> _Problem requirements_:
From the data below, set down exactly the lines between the one holding "This Blue Polka" and the one holding "Il Presidente Ciampi, all'aeroporto", inclusive, and no others.

------ Extracted material

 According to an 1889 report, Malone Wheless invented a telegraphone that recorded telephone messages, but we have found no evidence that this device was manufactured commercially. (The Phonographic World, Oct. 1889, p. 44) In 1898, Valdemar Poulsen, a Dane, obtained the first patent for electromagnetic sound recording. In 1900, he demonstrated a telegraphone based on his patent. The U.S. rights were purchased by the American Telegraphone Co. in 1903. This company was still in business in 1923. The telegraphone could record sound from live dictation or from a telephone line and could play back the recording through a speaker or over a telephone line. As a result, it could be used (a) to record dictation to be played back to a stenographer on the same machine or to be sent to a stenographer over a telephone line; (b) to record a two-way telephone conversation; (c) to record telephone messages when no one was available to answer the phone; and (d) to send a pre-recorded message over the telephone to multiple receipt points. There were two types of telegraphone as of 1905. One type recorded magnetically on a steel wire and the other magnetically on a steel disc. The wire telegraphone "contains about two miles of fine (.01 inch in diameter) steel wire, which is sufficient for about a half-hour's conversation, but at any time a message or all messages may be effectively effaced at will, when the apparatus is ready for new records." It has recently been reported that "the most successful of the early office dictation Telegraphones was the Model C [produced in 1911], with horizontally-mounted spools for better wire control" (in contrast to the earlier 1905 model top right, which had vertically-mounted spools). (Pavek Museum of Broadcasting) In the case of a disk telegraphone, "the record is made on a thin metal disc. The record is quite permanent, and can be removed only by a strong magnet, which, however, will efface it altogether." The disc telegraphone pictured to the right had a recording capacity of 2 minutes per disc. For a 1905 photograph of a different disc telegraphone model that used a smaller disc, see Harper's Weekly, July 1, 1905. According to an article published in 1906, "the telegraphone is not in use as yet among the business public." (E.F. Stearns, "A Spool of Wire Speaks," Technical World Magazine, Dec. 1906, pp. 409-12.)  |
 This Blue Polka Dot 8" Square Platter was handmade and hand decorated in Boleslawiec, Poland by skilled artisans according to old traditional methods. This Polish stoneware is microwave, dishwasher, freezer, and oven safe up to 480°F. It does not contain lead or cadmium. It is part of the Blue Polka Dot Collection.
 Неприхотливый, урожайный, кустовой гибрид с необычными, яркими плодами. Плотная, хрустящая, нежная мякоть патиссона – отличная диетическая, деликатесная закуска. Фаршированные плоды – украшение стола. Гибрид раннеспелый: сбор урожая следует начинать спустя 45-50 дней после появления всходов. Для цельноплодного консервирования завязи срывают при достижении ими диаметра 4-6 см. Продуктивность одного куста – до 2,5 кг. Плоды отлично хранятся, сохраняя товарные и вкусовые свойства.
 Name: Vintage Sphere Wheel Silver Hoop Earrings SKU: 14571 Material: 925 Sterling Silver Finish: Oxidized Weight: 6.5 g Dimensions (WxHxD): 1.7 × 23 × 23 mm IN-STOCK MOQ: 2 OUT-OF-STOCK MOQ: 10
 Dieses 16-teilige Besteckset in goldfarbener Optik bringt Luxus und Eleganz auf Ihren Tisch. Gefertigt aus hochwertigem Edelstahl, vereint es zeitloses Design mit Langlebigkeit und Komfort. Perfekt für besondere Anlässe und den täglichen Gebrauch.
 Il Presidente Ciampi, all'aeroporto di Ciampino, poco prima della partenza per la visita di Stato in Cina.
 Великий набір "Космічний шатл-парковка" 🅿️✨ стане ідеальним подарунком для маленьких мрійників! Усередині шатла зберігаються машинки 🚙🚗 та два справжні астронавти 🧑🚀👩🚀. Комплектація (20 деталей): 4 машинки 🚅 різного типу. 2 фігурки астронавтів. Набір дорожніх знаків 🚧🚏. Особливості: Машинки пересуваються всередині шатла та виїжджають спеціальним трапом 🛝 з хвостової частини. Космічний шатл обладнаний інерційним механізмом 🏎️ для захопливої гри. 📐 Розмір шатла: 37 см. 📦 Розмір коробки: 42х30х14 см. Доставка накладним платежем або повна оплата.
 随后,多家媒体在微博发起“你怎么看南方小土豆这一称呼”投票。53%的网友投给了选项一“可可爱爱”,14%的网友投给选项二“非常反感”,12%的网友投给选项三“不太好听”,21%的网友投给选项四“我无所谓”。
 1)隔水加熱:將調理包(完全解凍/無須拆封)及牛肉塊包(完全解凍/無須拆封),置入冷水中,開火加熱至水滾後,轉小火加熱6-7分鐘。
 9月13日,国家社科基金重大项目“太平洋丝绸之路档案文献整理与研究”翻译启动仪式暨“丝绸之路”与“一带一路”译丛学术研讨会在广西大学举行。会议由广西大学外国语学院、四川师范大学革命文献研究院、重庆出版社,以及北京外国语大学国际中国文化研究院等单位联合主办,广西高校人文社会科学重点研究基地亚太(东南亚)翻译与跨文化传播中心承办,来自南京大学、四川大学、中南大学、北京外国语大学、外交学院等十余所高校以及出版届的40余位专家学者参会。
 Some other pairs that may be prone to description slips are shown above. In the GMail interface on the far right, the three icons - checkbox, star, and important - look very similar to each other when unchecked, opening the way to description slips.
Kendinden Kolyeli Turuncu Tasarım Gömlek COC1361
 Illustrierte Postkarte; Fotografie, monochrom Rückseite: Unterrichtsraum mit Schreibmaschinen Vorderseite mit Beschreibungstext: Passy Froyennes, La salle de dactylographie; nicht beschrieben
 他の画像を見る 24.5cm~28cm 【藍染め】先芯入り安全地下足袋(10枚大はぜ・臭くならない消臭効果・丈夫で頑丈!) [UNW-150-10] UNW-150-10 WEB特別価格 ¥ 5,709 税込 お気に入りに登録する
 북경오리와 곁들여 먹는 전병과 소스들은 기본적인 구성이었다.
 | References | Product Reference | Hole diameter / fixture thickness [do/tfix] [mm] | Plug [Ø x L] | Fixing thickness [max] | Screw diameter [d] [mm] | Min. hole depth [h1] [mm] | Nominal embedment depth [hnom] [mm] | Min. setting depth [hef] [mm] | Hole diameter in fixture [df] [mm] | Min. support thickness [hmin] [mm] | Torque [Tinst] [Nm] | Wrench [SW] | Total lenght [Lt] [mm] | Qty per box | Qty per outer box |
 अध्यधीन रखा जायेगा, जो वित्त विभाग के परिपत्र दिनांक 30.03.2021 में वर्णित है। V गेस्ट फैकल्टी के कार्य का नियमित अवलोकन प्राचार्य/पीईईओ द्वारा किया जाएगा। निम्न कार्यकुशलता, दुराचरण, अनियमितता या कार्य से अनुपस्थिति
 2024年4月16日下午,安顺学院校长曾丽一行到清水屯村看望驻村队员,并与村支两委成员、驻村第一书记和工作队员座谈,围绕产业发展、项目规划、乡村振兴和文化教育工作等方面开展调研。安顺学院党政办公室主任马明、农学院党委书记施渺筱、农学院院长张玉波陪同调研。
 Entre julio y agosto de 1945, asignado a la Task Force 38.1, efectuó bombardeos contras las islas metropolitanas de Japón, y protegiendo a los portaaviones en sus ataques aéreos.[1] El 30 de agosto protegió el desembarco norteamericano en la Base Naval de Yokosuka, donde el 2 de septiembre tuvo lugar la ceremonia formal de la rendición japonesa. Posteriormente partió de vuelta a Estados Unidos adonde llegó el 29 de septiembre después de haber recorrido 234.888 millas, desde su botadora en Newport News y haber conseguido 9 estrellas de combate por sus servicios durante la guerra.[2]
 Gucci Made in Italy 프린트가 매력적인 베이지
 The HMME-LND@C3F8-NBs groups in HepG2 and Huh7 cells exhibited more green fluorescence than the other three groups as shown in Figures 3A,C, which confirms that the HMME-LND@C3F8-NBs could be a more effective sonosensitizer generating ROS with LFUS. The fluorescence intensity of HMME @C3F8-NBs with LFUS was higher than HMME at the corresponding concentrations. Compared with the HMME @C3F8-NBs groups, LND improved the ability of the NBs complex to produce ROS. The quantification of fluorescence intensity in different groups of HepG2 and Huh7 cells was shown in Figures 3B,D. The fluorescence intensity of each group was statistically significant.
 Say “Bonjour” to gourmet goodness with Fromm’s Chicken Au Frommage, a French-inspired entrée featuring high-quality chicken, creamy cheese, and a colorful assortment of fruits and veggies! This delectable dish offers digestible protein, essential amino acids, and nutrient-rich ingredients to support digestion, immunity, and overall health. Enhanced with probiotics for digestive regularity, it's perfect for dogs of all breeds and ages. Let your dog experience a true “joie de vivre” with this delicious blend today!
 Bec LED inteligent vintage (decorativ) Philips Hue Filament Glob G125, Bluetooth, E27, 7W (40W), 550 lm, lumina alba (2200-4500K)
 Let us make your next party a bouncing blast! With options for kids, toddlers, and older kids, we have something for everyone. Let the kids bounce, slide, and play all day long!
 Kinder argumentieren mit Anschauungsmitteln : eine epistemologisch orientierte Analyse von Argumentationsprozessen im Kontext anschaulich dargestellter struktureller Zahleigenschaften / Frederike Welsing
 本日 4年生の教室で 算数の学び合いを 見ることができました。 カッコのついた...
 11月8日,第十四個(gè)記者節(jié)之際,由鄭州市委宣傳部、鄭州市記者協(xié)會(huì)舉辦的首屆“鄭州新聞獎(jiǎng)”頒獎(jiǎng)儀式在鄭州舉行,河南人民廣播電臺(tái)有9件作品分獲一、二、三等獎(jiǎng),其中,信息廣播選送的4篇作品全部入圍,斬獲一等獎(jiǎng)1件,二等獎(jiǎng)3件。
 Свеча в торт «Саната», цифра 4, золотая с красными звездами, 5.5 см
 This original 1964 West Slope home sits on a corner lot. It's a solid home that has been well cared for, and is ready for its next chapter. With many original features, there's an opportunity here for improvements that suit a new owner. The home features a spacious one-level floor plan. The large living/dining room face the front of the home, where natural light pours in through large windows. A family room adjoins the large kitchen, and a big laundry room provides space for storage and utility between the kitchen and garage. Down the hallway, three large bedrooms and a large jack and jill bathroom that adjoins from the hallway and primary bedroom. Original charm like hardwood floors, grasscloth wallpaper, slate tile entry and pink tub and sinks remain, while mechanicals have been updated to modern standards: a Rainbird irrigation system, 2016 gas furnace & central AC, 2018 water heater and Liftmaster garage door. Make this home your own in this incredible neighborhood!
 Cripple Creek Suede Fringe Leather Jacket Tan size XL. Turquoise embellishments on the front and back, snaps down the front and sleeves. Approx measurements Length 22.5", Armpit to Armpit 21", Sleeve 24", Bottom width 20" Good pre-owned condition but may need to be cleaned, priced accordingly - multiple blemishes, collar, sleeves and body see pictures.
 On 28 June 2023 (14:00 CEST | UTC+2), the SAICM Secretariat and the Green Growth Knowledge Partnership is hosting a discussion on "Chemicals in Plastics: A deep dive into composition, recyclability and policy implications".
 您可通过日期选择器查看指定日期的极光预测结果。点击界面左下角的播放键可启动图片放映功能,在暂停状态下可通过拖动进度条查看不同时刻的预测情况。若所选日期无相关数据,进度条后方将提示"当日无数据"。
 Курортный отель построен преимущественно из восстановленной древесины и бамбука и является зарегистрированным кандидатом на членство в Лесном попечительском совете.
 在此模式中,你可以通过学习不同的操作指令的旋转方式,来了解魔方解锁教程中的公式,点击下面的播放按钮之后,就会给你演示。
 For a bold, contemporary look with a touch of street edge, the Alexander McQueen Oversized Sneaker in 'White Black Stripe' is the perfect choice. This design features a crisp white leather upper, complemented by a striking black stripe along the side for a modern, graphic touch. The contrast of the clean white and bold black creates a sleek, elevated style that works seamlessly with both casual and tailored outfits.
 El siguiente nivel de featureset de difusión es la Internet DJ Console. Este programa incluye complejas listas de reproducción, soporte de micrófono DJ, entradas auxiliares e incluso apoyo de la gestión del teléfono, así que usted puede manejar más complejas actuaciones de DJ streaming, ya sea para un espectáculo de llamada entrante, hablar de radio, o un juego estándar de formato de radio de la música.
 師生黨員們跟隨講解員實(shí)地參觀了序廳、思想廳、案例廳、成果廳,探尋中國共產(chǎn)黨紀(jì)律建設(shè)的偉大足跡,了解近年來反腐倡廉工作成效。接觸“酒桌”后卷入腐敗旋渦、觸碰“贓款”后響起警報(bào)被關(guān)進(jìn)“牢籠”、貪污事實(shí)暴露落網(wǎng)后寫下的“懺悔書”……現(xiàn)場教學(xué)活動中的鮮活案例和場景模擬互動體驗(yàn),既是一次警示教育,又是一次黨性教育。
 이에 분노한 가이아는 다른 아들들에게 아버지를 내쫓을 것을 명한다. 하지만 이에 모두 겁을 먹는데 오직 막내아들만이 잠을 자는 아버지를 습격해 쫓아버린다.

------------

> _Response area_:
 This Blue Polka Dot 8" Square Platter was handmade and hand decorated in Boleslawiec, Poland by skilled artisans according to old traditional methods. This Polish stoneware is microwave, dishwasher, freezer, and oven safe up to 480°F. It does not contain lead or cadmium. It is part of the Blue Polka Dot Collection.
 Неприхотливый, урожайный, кустовой гибрид с необычными, яркими плодами. Плотная, хрустящая, нежная мякоть патиссона – отличная диетическая, деликатесная закуска. Фаршированные плоды – украшение стола. Гибрид раннеспелый: сбор урожая следует начинать спустя 45-50 дней после появления всходов. Для цельноплодного консервирования завязи срывают при достижении ими диаметра 4-6 см. Продуктивность одного куста – до 2,5 кг. Плоды отлично хранятся, сохраняя товарные и вкусовые свойства.
 Name: Vintage Sphere Wheel Silver Hoop Earrings SKU: 14571 Material: 925 Sterling Silver Finish: Oxidized Weight: 6.5 g Dimensions (WxHxD): 1.7 × 23 × 23 mm IN-STOCK MOQ: 2 OUT-OF-STOCK MOQ: 10
 Dieses 16-teilige Besteckset in goldfarbener Optik bringt Luxus und Eleganz auf Ihren Tisch. Gefertigt aus hochwertigem Edelstahl, vereint es zeitloses Design mit Langlebigkeit und Komfort. Perfekt für besondere Anlässe und den täglichen Gebrauch.
 Il Presidente Ciampi, all'aeroporto di Ciampino, poco prima della partenza per la visita di Stato in Cina.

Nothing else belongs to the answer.